Scientific classification
- Kingdom: Plantae
- Clade: Tracheophytes
- Clade: Angiosperms
- Clade: Monocots
- Clade: Commelinids
- Order: Poales
- Family: Juncaceae
- Genus: Juncus
- Species: J. minutulus
- Binomial name: Juncus minutulus (Albert & Jahand.) Prain

= Juncus minutulus =

- Genus: Juncus
- Species: minutulus
- Authority: (Albert & Jahand.) Prain

Species of plant

Juncus minutulus is a species of rush (Juncaceae) informally referred to as minute rush, dwarf toad rush and annual rush.

==Description==
An annual, resembling and easily confused with a tiny Juncus bufonius with all parts smaller and with flowers rarely opening (cleistogamous): fruit capsule 2.5-3.0mm, stamens usually (2)3 instead of 6, anthers 1/4-1/3 x filaments (not 1/3-1 x), tepals usually shorter than 4mm, inner tepals acute (not long-tapering), 0-1(2) stem leaves, 1–3cm long.

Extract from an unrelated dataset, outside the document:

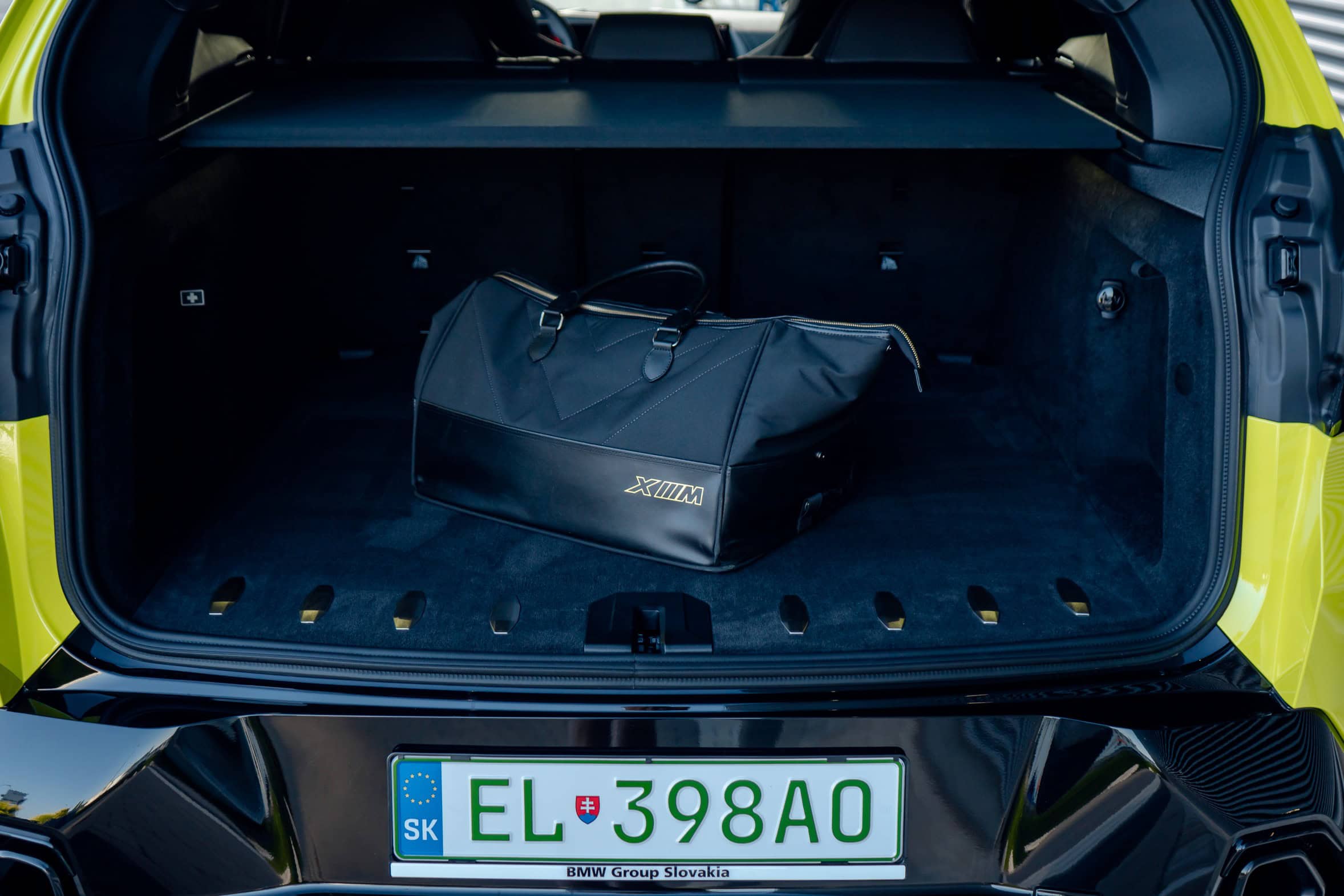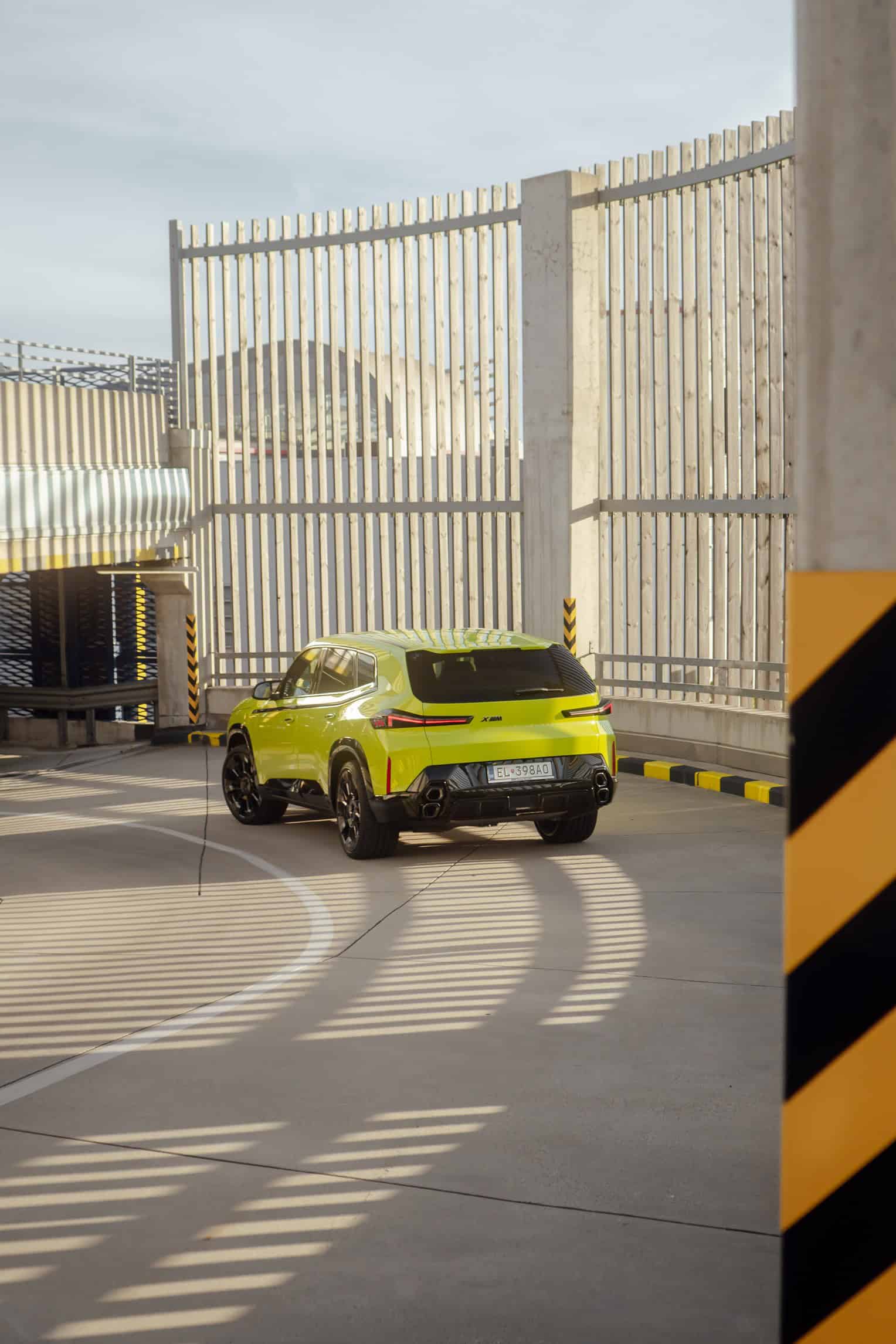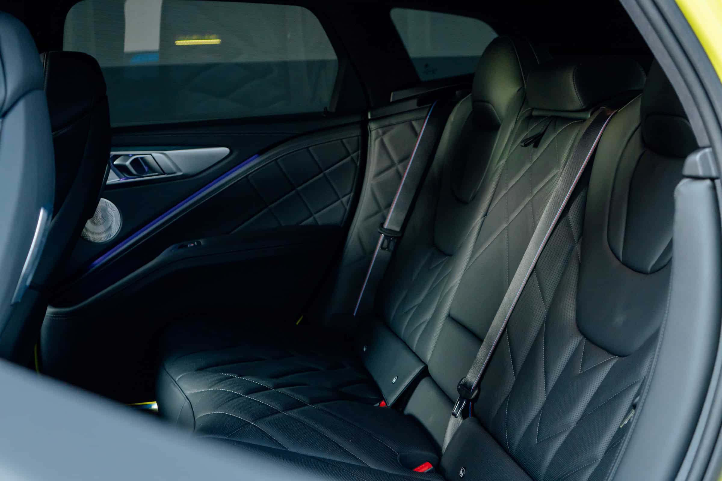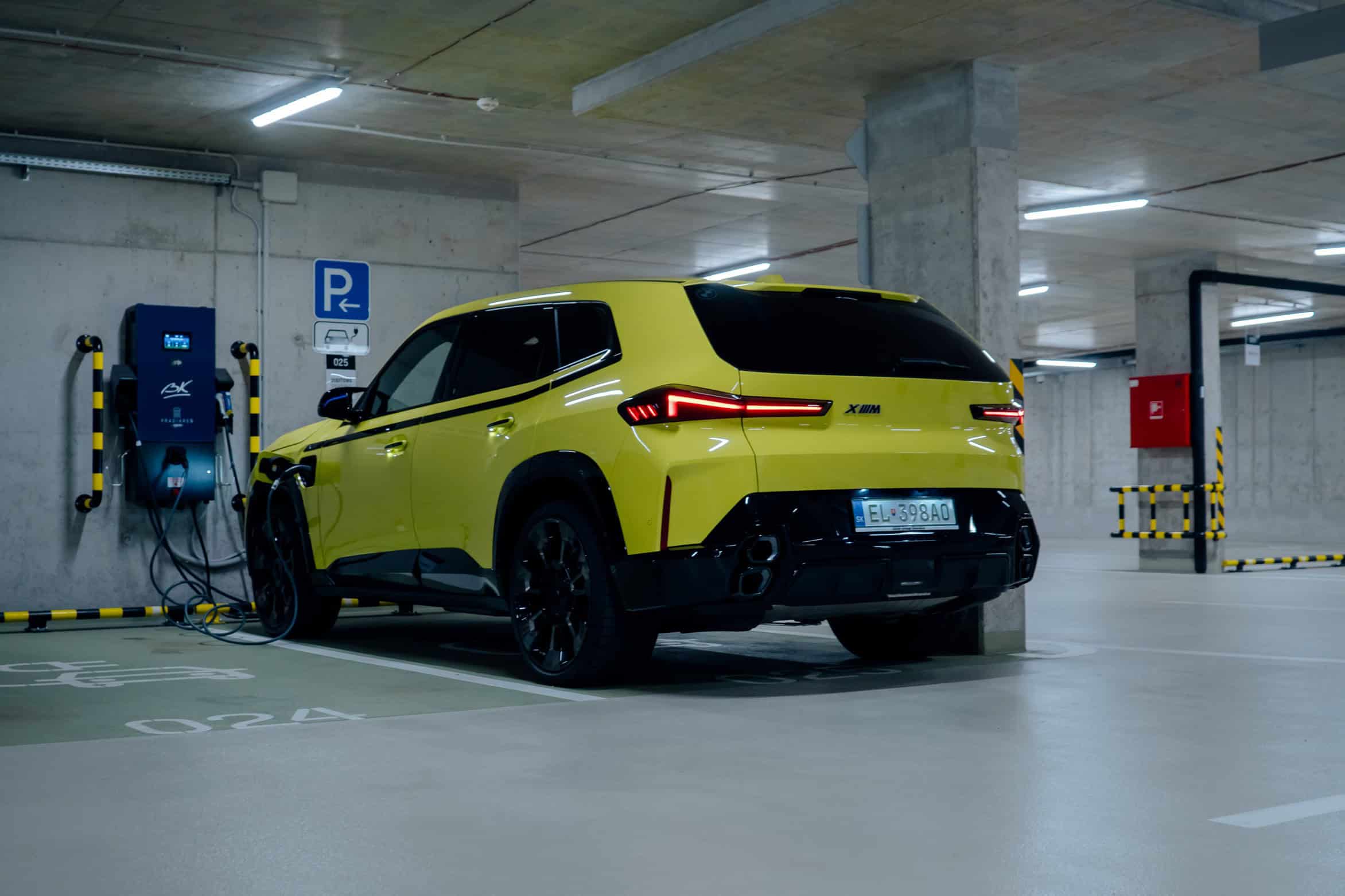 Finished in Sao Paulo Yellow, the XM 50e rides on 23-inch wheels – the largest alloys ever offered from the factory by BMW. The interior is just as striking since the dedicated M model has blue Merino leather with Deep Lagoon upholstery. Unlike the new M5 with its small gear selector, the mechanically related electrified SUV has the old bulky transmission lever.

J. bufonius also has cleistogamous forms that can very much resemble this in these features therefore all features should be examined carefully (such as inner tepal tip shape).

==Range==
Europe & North Asia, possibly cosmopolitan but reliable records are limited.

==Habitat==
Similar to Juncus bufonius with which it may grow.

Turkey: Wet or temporarily wet, usually open soil, 0–1800 m.

Spain: Wet pastures or those in temporarily flooded places, on somewhat saline soils; 0-2900m ("Pastos húmedos o de lugares temporalmente inundados, en suelos algo salinos; 0-2900 m").

Istria: Wet roads, fields, ruderal regions.

Siberia: In wet lowlands, along banks of water reservoirs.